Меня попросили назвать двух лиц из тех, кто мог бы дать мне «позитивную оценку». Я назвал своего факультетского дона Уэйнфлита, потом, немного подумав, управляющего бумажной фабрикой Джона Саймондза, который вечно уворачивался от разговоров о папиной ранней смерти.

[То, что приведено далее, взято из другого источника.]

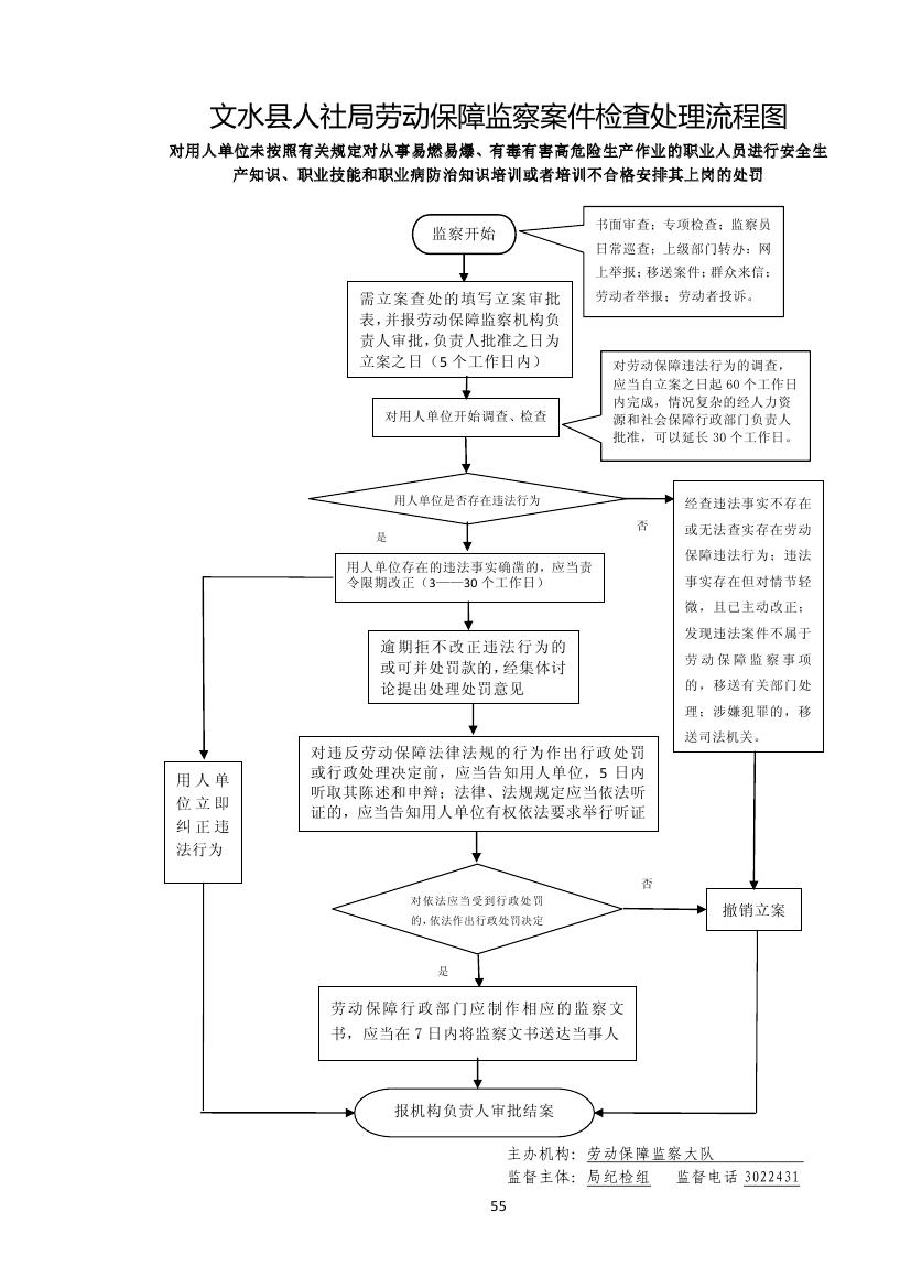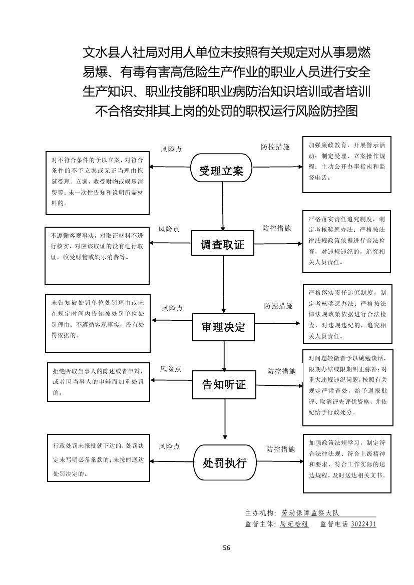 1.立案责任:符合条件的予以立案,对材料不全的,一次性告知所需材料。 2.调查责任:遵循客观事实,对应该取证的进行取证。 3.审查责任:对取证材料进行认真审查核实,需补充取证的及时补证。 4.告知责任:在规定时间内告知被处罚单位处罚理由。作出行政处罚决定前,应制作《行政处罚听证告知书》送达当事人,告知违法事实及其享有的陈述、申辩等权利。 5.决定责任:作出行政处罚决定应严格审查。制作行政处罚决定书,应载明必备内容。 6.送达责任:行政处罚决定书按法律规定的方式送达当事人。 7.执行责任:依照生效的行政处罚决定采取执行措施。 8.其他:法律法规规章规定应履行的责任。 |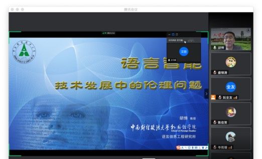 (通讯员盛锦涛)7月17日上午8:30-10:00,外国语学院开展2020年文澜优秀大学生“人文之星”夏令营线上讲座活动。来自全国各地院校的65名夏令营学员准时到场聆听此次讲座。本次线上讲座由外国语学院副院长阮全友教授主持,主讲人为外国语学院副院长、语言信息工程研究所所长、院学术委员会副主任胡惮教授,讲座主题为“语言智能技术发展中的伦理问题”。
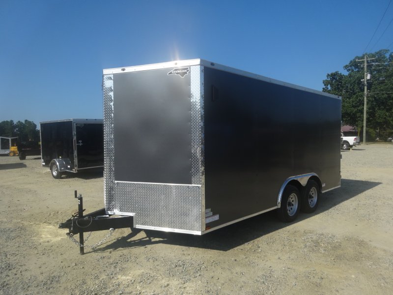 “This v-nose 8.5×16 enclosed cargo trailer has a 6’6″” interior height, tandem axles with brakes with a rating of 7,000 lb GVWR. This type of trailer is ideal for light-duty or residential tasks. This model has a side door, a rear ramp door, and a 2000 lb jack. .080 Exterior Metal.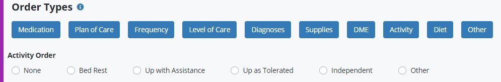 Activity orders can only be updated directly through a Physician Order document. Access the Physician Order by clicking the Add Orders button in the Plan of Care Review section of a clinical document, or by scheduling a Physician Order in the Schedule Center. In the Physician Order, select the Activity button under Order Types.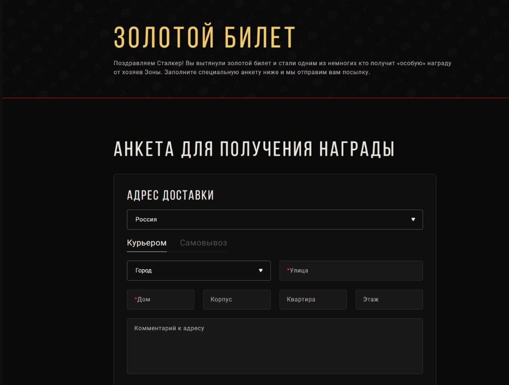 Золотой Билет будет отправлен на внутриигровую почту после завершения технических работ. После передачи билета Виву, анкета для получения награды появится в верхней шапке сайта stalcraft.net. Чтобы получить офлайн-награду, необходимо заполнить эту анкету.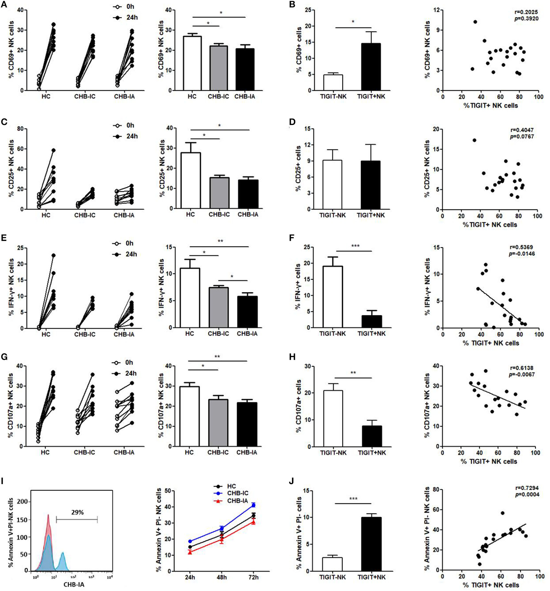 Correlations of TIGIT expression with the function of NK in different groups of the study. PBMCs isolated from CHB-IA, CHB-IC and healthy individuals were stimulated with LPS (A–D) or IL-12 (E, F) for 24 h. (A,C) The percentages of CD69+ (A) or CD25+ (C) NK cells before and after stimulation with LPS in the three groups were evaluated by flow cytometry. Data are expressed as the mean ± SEM (n = 8–15 subjects per group) and are from a single experiment representative of three. *p < 0.05 (Mann-Whitney U test). (B,D) The percentages of LPS-stimulated CD69 (B) or CD25 (D) on TIGIT- or TIGIT+ NK cells was measured by flow cytometry. Correlation between TIGIT expression and percentages of LPS-stimulated CD69 (B) or CD25 (D) on NK cells is also shown (Spearman's rank). (E) The percentages of IFN-γ in NK cells before and after stimulation with IL-12 in the three groups were evaluated by flow cytometry. Data are expressed as the mean ± SEM (n = 10). (F) The percentages of IL-12-stimulated IFN-γ in TIGIT- or TIGIT+ NK cells was measured by flow cytometry. Data are shown as the mean ± SEM (n = 10). Correlation between TIGIT expression and percentages of IL-12-stimulated IFN-γ in NK cells is also shown (Spearman's rank). (G,H) PBMCs were stimulated with IL-12 in the presence of K562 cells for 24 h. (G) The percentages of CD107a+ NK cells before and after stimulation with IL-12 in the three groups were evaluated by flow cytometry. Data are expressed as the mean ± SEM (n = 8–10 subjects per group). (H) The percentages of CD107a on TIGIT- or TIGIT+ NK cells was measured by flow cytometry. Correlation between TIGIT and LPS-stimulated CD107a expression on NK cells (Spearman's rank correlation test). (I,J) PBMCs isolated from CHB-IA,CHB-IC and healthy individuals were stimulated with LPS for 24 h, 48h and 72h. (I) FACS histograms showing the apoptosis of NK cells from a CHB-IA patient. The apoptosis of (Annexin V+PI-) NK cellsin CHB-IA groups was analyzed at different time points and shown as the mean ± SD (n =5 subjects per group). (J) The percentages of Annexin V+PI- on TIGIT- or TIGIT+ NK cells was measured by flow cytometry. Data are shown as the mean ± SEM (n = 5 subjects per group). Data are from a single experiment representative of three. *p < 0.05, **p < 0.01, ***p < 0.001.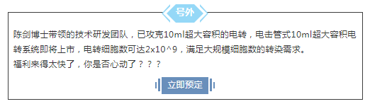 現(xiàn)在,在電轉(zhuǎn)這一細(xì)分的細(xì)胞生物學(xué)高科技領(lǐng)域,中國人的科研力量已經(jīng)出現(xiàn)!已經(jīng)落地實(shí)現(xiàn)商業(yè)化。已經(jīng)加入激烈的市場競爭,正面挑戰(zhàn)amaxa技術(shù)!已經(jīng)在美國和中國多個(gè)重要科研院所(都是具有多臺amaxa設(shè)備,多年amaxa使用經(jīng)驗(yàn)的實(shí)驗(yàn)室)得以驗(yàn)證,成功改寫了用戶的看法,實(shí)現(xiàn)了商業(yè)市場競爭的勝利。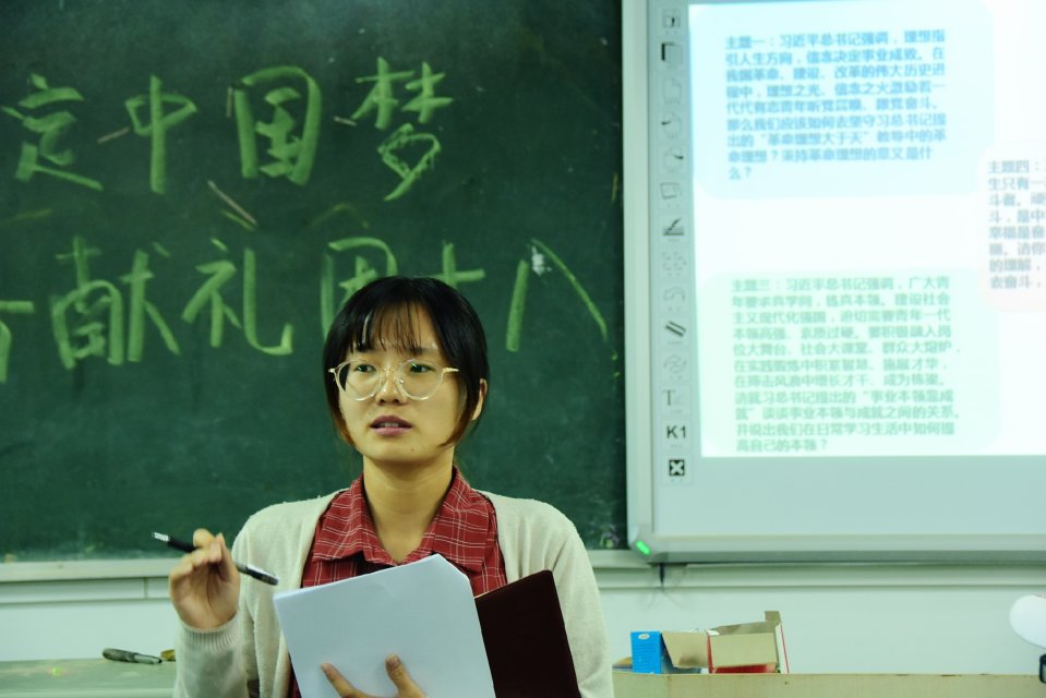 此次活动围绕着习近平总书记的谆谆教诲展开。活动首先播放了一个视频,为我们介绍习总书记对新青年提出的更高要求和殷切期望。紧接着由分团委组织部副部长尤心萌为我们讲解十八大基本知识,以幽默的问答形式强调了党的四项原则等内容。然后大家一起观看视频,生动形象地展示出“绿水青山就是金山银山”,“一带一路”和“四有军人”这三个关键词的具体内容。随后,参加学习的同学们分小组进行讨论,并由代表总结发言。正如习近平总书记提到“青年的价值取向决定了未来整个社会的价值取向”,青年必须有优良的品德、丰富的知识、过硬的本领,才能担负起历史的重托。最后食品学院分团委副书记何婉莹总结发言,她认为大学生活不仅需要物质上的充实,更需要在精神上武装自己,明确的目标,不懈奋斗。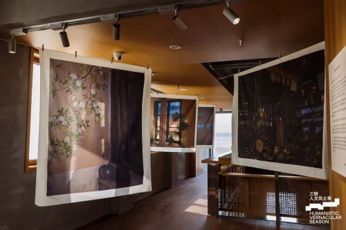 在地艺术共创板块中,五组创作者进入松阳老城展开介入式创作:艺术家郭航在城隍庙呈现竹编艺术作品《鲲》;艺术家曾健勇在文庙创作平面喷绘与绘画作品《渔樵耕读》;艺术家文那与松阳豺虎画非遗传承人郑王义在何联奎故居带来油纸灯笼作品《张灯结彩》;建筑师、艺术家刘阳在汤兰公所呈现互动装置《葫芦金刚》;摄影艺术家陈荣辉以《老街的寻常一夜》在书店与文里片区呈现影像作品。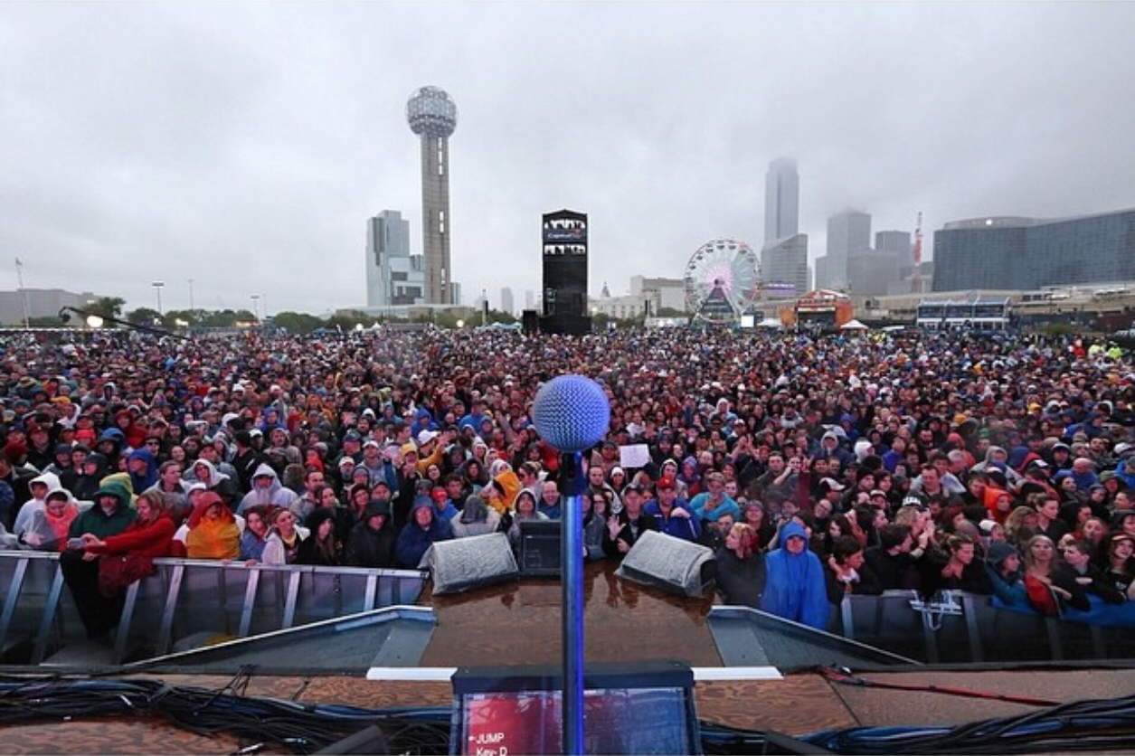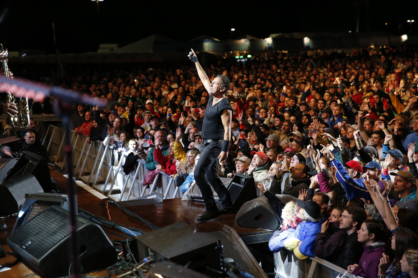 The crowd, the first to see an entire Springsteen concert in the states since 2012, enjoyed “Jump,” but many were there to see if this Springsteen guy lived up to the hype. He did. Granted, the audience wasn’t as large as hoped for or even expected, since rain poured off and on from the time the gates opened until it was nearly time to go home. But the audience still looked impressive on the large field where Reunion Arena once stood.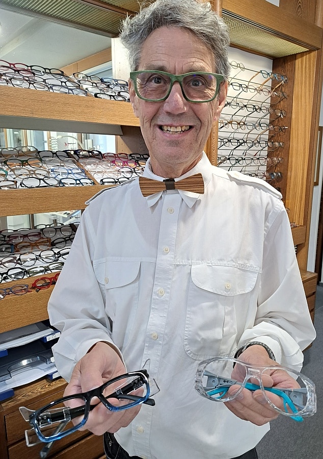 Besondere Weiterbildungen oder Zusatz-Qualifikationen sind laut Danner nicht erforderlich. Die Verglasung übernehmen seine beiden Arbeitsschutz-Brillen-Partnerfirmen Infield Safety (EssilorLuxottica) und Uvex. Danner nutzt auch selbst eine Schutzbrille in seinem Betrieb – als Augenschutz und zur Sicherheit, wenn er in der Werkstatt wieder ein Holzbrillen-Unikat Made in Günzburg anfertigt.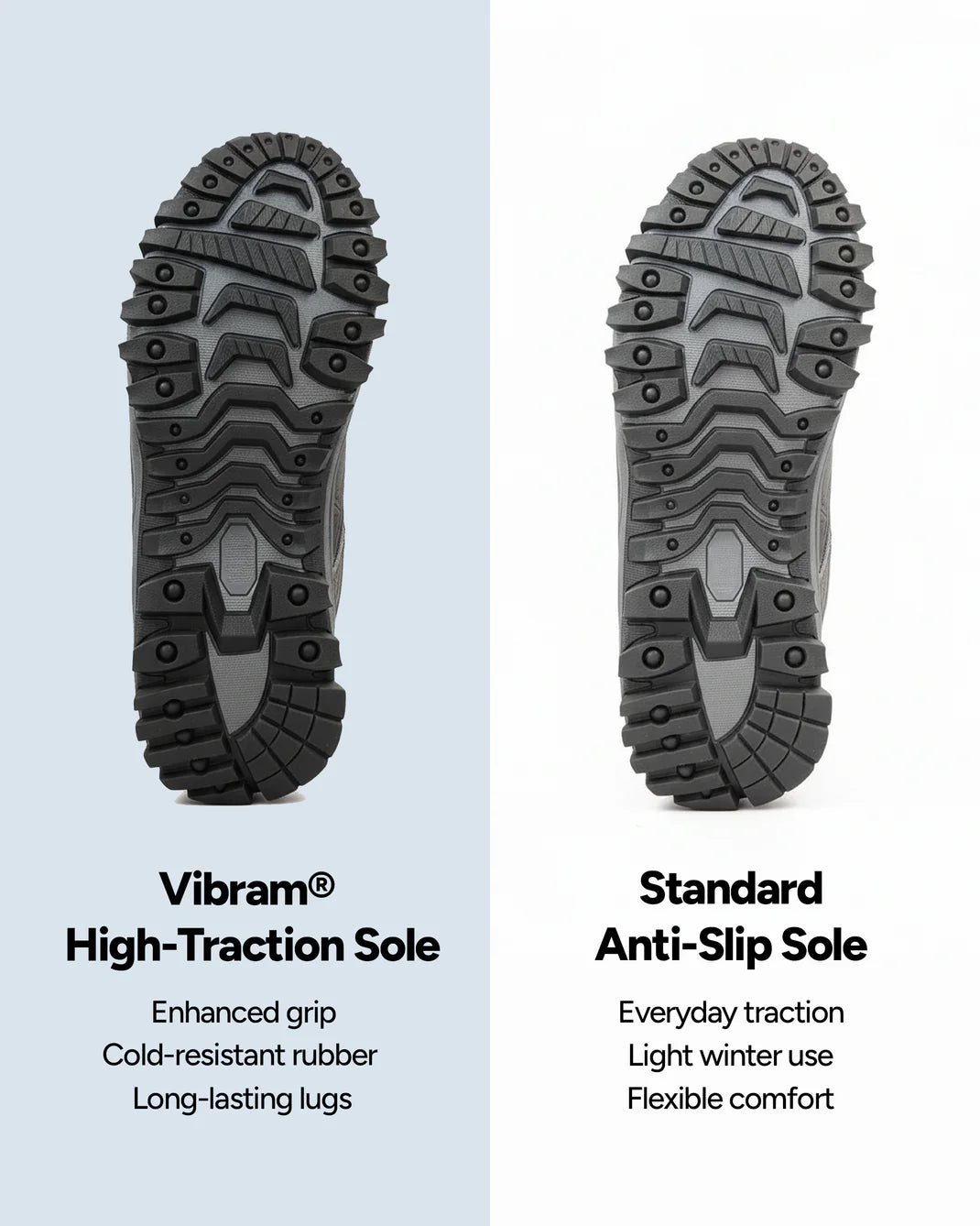 Choosing the right sole doesn’t just affect traction, it determines how safe and comfortable you’ll feel throughout the winter season.

Задав еще несколько вопросов, они явно утратили ко мне интерес и отпустили. Начало дипломатической карьеры оказалось не таким блистательным, как мне казалось, но в начале июня предстояли еще экзамены в министерстве (через три недели после выпускных), и я надеялся, что дальше будет не так стремно. Уже к Новому году я рассчитывал стать своим человеком в Вашингтоне — тем, кто обедает в Госдепе, а ужинает в Джорджтауне.
11 мая
Девять дней до старта экзаменов, весь город в непривычном напряжении. Маккафри, который был моим жокеем на питейном «королевском» забеге, вернулся из Ньюмаркета и был замечен в библиотеке (он учится на ветеринара и собирается сдавать на бакалавра). Стюарт Форрес только что приехал с Каннского кинофестиваля. Стеллингс вчера отправился прогуляться до Сиджвик-Сайта и, перепугавшись, что забрел далеко, оказался вынужден принять мое предложение подбросить его на «Моррисе-1100», чтобы не опоздать на обзорную лекцию. Его единственный способ обозреть конспекты по юриспруденции — это залезть на стол и смотреть на них в бинокль Маккафри.
Я все-таки одолжил ему альбом Moving Waves , указав в приложенной записке наиболее интересные моменты: «Пятый трек ( Focus II ) — 0:39 и 1:35. Шестой трек ( Eruption ) — на 5:08, 6:14 и 9:17 — где он бендует струны. Остальное можешь пропустить».